Author: Merula

Pairings: 1x2

Rating: R

Warnings: Yaoi, Preventer-ness, angst, Duo's POV.

Disclaimer: Gundam Wing is not mine.

Author's Note: What with so many of my flist taking off for y-con this week, I made a comment about torturing those that were left. Sun mentioned that we should've organized an 'I'm cranky, I'm not there having fun' day with fic and art and chocolate.

I suck at drawing, though if I had been more organized I could've swung the chocolate. I can swing the torturous fic though- You know where this one is headed... I just decided to do it from Duo's pov for a change...

Bittersweet Part 1

I stretched after I put the last of the trays into the oven. Another tray waited on the counter; its contents ready for a final sprinkling of sugar before I put them out.

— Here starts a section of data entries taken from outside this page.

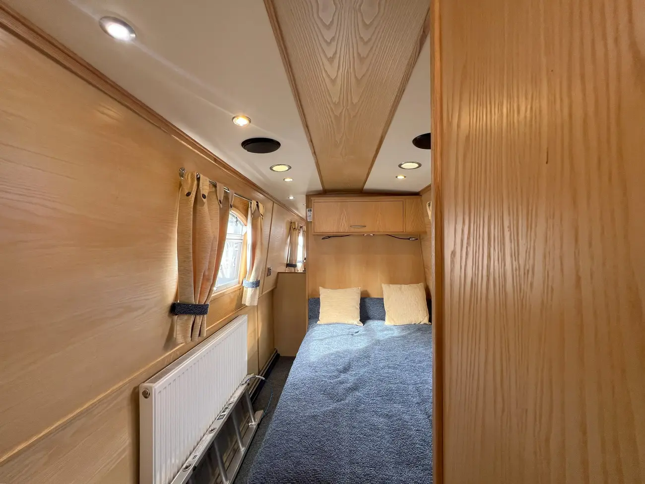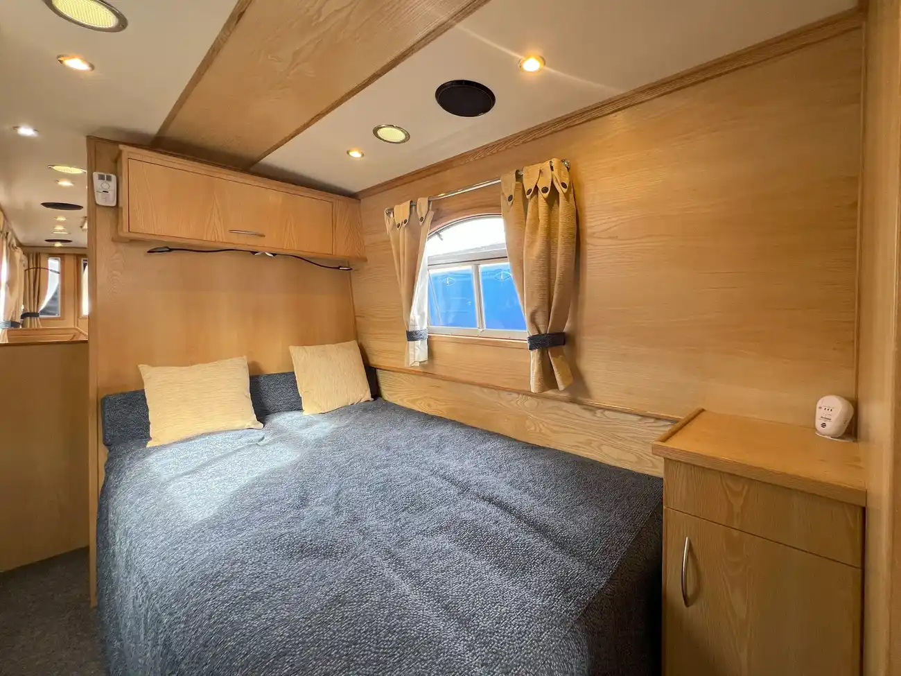 A fixed double berth with storage beneath offers excellent space efficiency, complemented by overhead cupboards fitted with LED reading spotlights. Additional storage is provided by two chests of drawers and a full-height hanging wardrobe. A 12V radio system is discreetly housed within the port-side storage unit, with speakers positioned throughout the boat for onboard entertainment.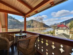 Das Appartement zeigt nach Westen und bietet mit zwei Zimmern und gleich zwei Balkonen einen perfekten Blick auf den Elb-Horizont. Für zusätzlichen Komfort sorgt der kostenlose Bademantel, den Sie für den Besuch im Badehaus Schmilka mit Panorama- und Bio-Sauna nutzen können.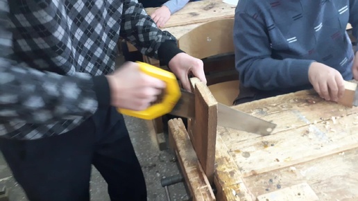 Наши семиклассники из старых досок, взятых на даче, решили смастерить современный английский танк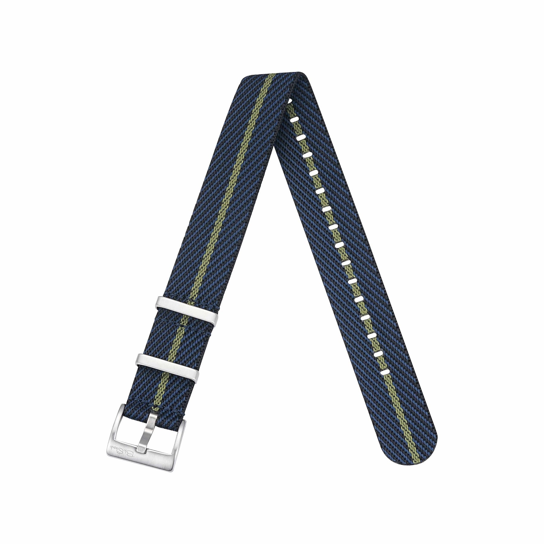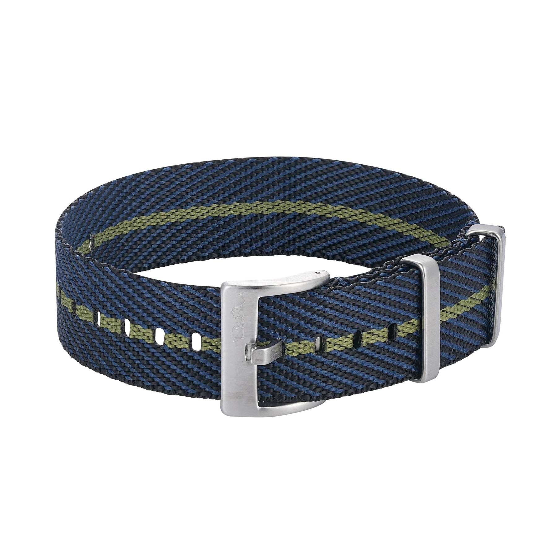 Color Details: The Space & Olive style features a single olive green center stripe, framed by outer edges of black and deep navy blue in a diagonal twill weave. Thanks to the twill pattern, the black subtly shows through the center stripe, giving this strap added depth.

I heard the back door open and close, and glanced over my shoulder. As expected, my employer stood there, shaking the rain out of her dark hair. She gave me a dazzling smile. "Ah Duo, you are the most reliable worker, you are," she said as she hung her umbrella up. "I should send Howard a thank you note, yes I should." The lilting cadence of her words suggested that she was not a native of L4- and indeed I knew she wasn't. Nell had been born on Earth- where exactly, I wasn't sure, but someplace that made her pronounce 'Howard' as 'Oward' and gave the rest of her words an enchanting lilt.

The lilt was what caught Sam's attention all those years ago. Sam was Howard's right hand man, who had married Nell twenty some odd years before, and taken her to space. Nell hadn't been happy on the ships, so Sam had bought her a house and set her up with a little bakery on L4. He visited every few weeks and they seemed very happy with the whole arrangement.

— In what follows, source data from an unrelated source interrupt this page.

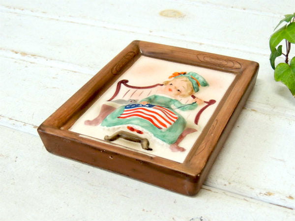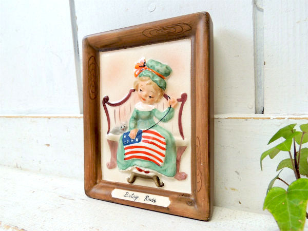 アメリカ南部・テキサス州郊外で見つけました・・『Napco Ceramic』の【Betsy Ross(ベッツィー・ロス)】セラミック製・アンティーク・壁飾りです。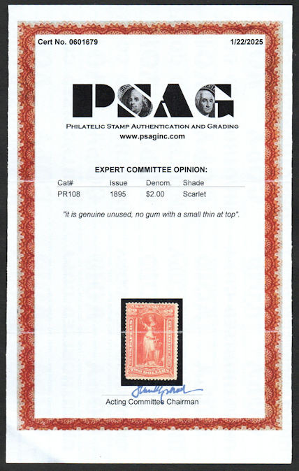 #PR108 Fine+ mint ng, w/PSAG (01/24) CERT, fresh color, small thin, Rare Stamp!
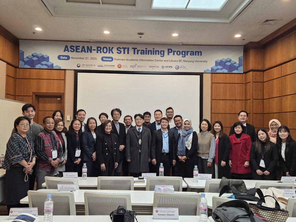 Representatives from all 11 ASEAN Member States gathered in Seoul on 23–30 November for the 2025 ASEAN–ROK STI Training Programme. The programme provided valuable insights into Korea’s innovation ecosystem, ranging from gifted education and STI policy development to start-up support, semiconductor R&D, and high-tech cluster development.
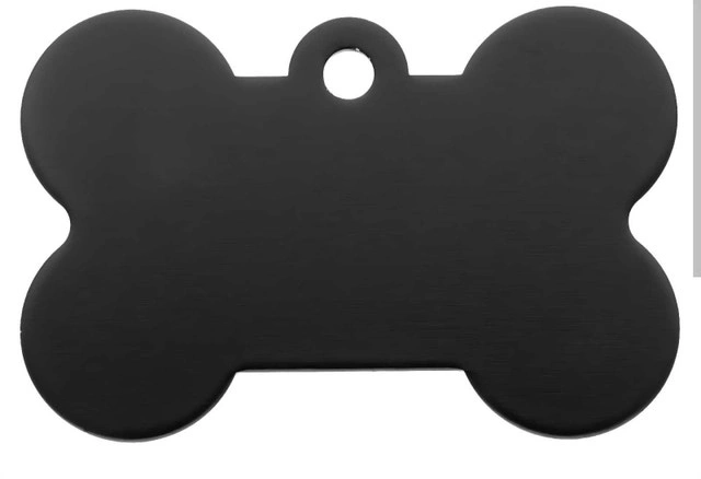 This sleek, black, bone-shaped pet tag is perfect for your furry friend's collar, adding a touch of reassurance for their safety. Crafted from durable material, it's ready to be personalized with your pet's name and your contact information. It is new and has never been used. Having a personalized pet tag is like giving your pet a VIP pass to 'Returned Home' avenue! If the squirrels ever lead them astray, this tag will be their ticket back. Cash accepted.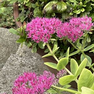 こんばんは😊🌃 今日のお花 💠ベンケイソウ💠 ①②オオベンケイソウ(大弁慶草) ベンケイソウ科ムラサキベンケイソウ属 今日出会ったお花 ③💠マリーゴールド💠 ④💠ヒャクニチソウ💠 ⑤💠ランタナ💠 5枚あります🌿 遅くなりましたが 見てくださいね😊🎶💕︎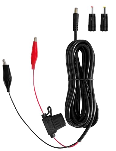 Lonnky Strömkabel 3 m för Viltkamera, DC 5.5 x 2.1 mm Adapter för HAZA, WOLFANG, GardePro, KJK, iZEEKER, Kompatibel med Batterier och Solpaneler, 5 A Säkring och 2 Adaptrar

"If just being here on time makes me reliable, I wonder what kind of people you had hired on before," I grinned at her and went to pick up the sugar.

"You have no idea," She laughed and went to her workspace. "Did you start the coffee?"

"Of course."

"Excellent, as always." She started her jobs that needed to be completed before we opened the doors at five for the going to work crowd. I started dusting sugar over the filled pastries, keeping one eye on the oven.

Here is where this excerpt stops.